The whole listing below should be printed again exactly, with no images.

**INFORMATION SUPPLIED**:
□ □ □ □ □ □ □

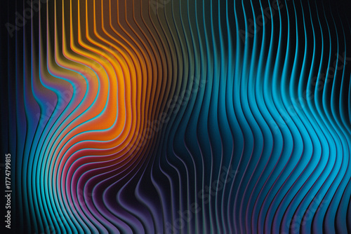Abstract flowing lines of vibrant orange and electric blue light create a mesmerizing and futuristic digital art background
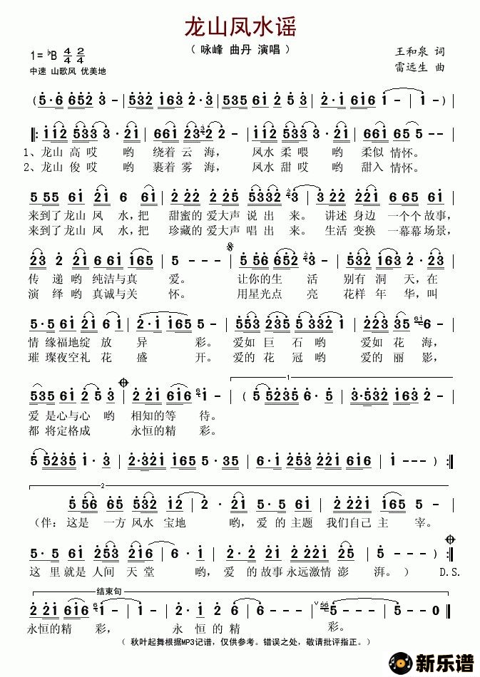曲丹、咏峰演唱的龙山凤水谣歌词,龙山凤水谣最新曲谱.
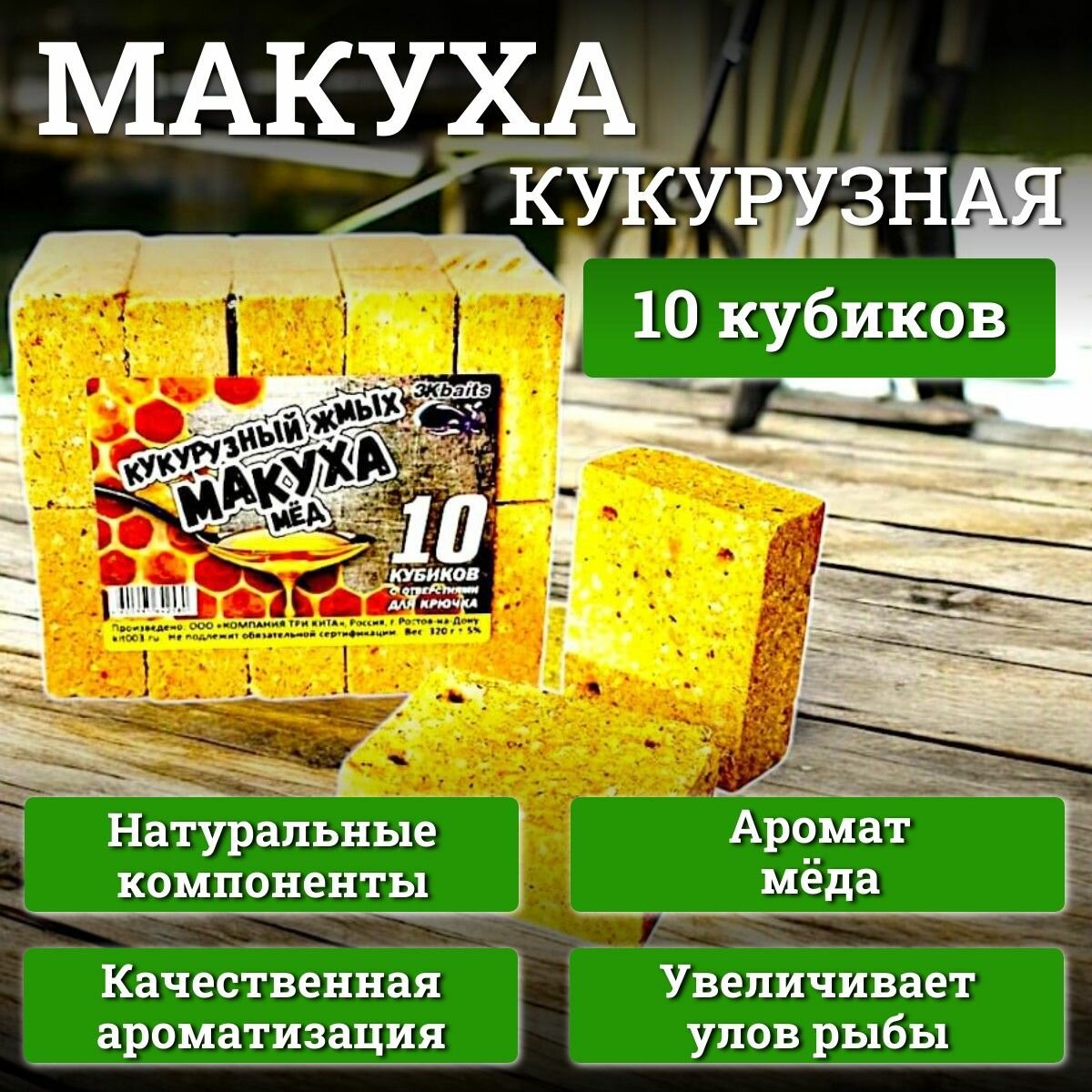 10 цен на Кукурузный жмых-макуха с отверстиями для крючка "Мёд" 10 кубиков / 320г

□ □ □ □ □ □ □

**RESPONSE AREA**:
Abstract flowing lines of vibrant orange and electric blue light create a mesmerizing and futuristic digital art background
曲丹、咏峰演唱的龙山凤水谣歌词,龙山凤水谣最新曲谱.
 10 цен на Кукурузный жмых-макуха с отверстиями для крючка "Мёд" 10 кубиков / 320г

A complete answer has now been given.